— DATASET EXTRACT —
● ● ● ●

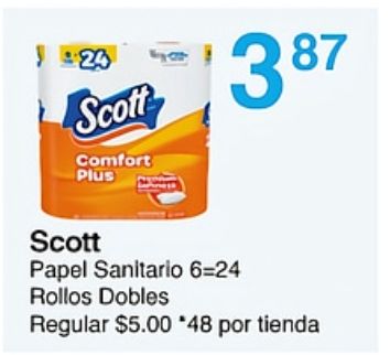 scott comfort plus papel sanitario =rollos dobles regular $*por tienda
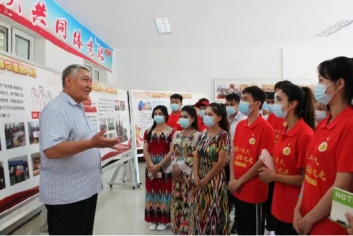 7月13日上午,实践团成员拜访了自治区民族团结先进个人霍一清。访谈中,霍一清向实践团成员讲述了自己帮助哈萨克族大妈库里吉肯一家30余年的故事,希望团员们能够继续发扬艰苦奋斗的作风,坚持把民族团结优良传统传承下去。在场团员深受感动,纷纷表达了自己对霍一清的崇敬之情,还邀请霍一清共跳新疆少数民族舞蹈。7月14日上午,实践团全体成员走进全国民族团结进步模范马丁别克·木拉提汗工作室。在展厅内,马丁别克·木拉提汉向实践团成员们谈起创办工作室的初衷——尽己所能帮助有困难的人。实践团成员现场弹唱歌曲《我的祖国》,表达对民族团结先进模范的敬意。
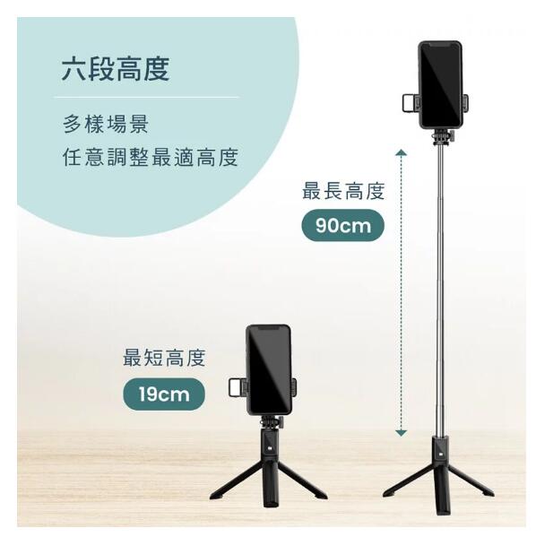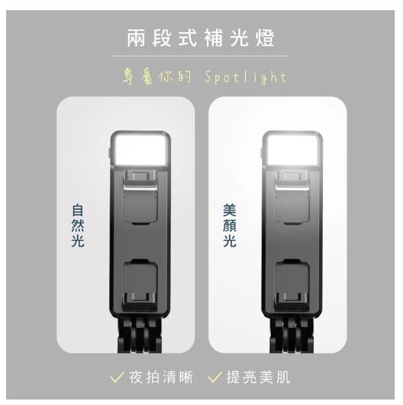 6段式自拍桿,靈活收縮、簡單收納兩段式補光燈,適用寬度6.5-8cm之手機折疊隱藏三腳架,三腳支柱拍攝穩定
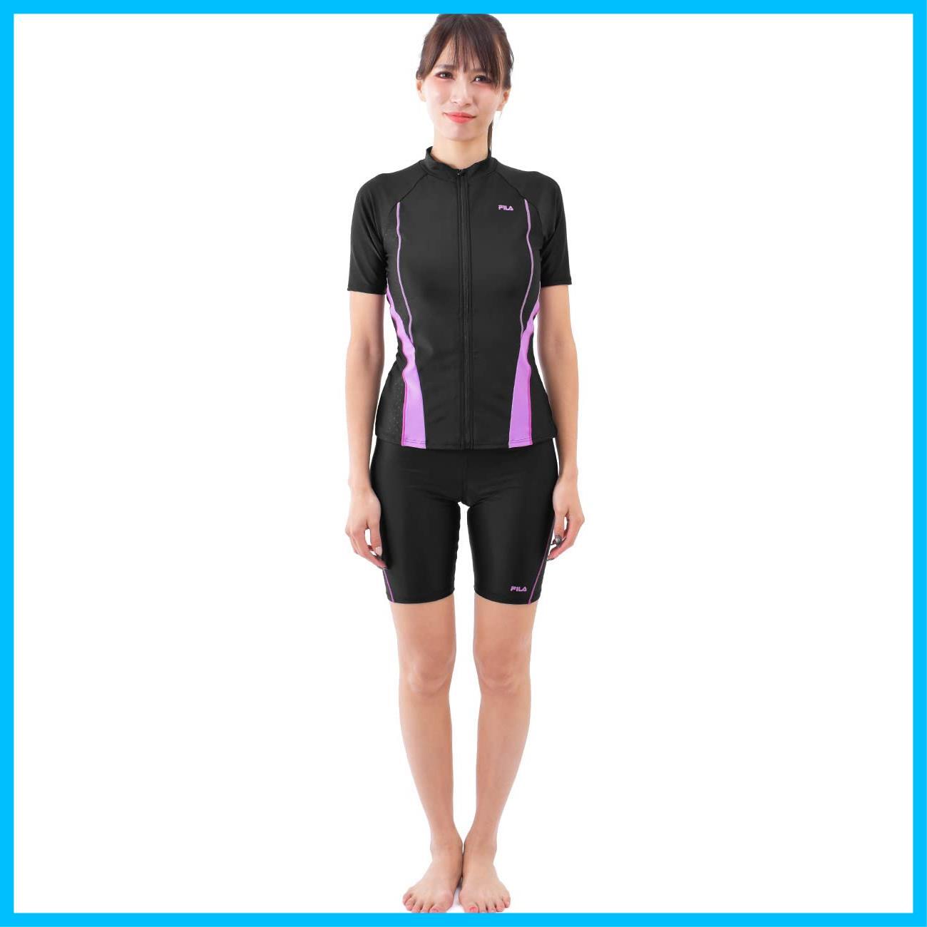 FILA フィットネス水着 レディース 上下セット めくれ防止 半袖 前ジップ 310203 (17LL, LAV)

● ● ● ●

— TASK DIRECTIONS —
Nothing but the lines from the line with "7月13日上午,实践团成员拜" through the last line of the listing should be copied, exactly and with both ends kept. Leave pictures out.

— ANSWER AREA —
 7月13日上午,实践团成员拜访了自治区民族团结先进个人霍一清。访谈中,霍一清向实践团成员讲述了自己帮助哈萨克族大妈库里吉肯一家30余年的故事,希望团员们能够继续发扬艰苦奋斗的作风,坚持把民族团结优良传统传承下去。在场团员深受感动,纷纷表达了自己对霍一清的崇敬之情,还邀请霍一清共跳新疆少数民族舞蹈。7月14日上午,实践团全体成员走进全国民族团结进步模范马丁别克·木拉提汗工作室。在展厅内,马丁别克·木拉提汉向实践团成员们谈起创办工作室的初衷——尽己所能帮助有困难的人。实践团成员现场弹唱歌曲《我的祖国》,表达对民族团结先进模范的敬意。
 6段式自拍桿,靈活收縮、簡單收納兩段式補光燈,適用寬度6.5-8cm之手機折疊隱藏三腳架,三腳支柱拍攝穩定
 FILA フィットネス水着 レディース 上下セット めくれ防止 半袖 前ジップ 310203 (17LL, LAV)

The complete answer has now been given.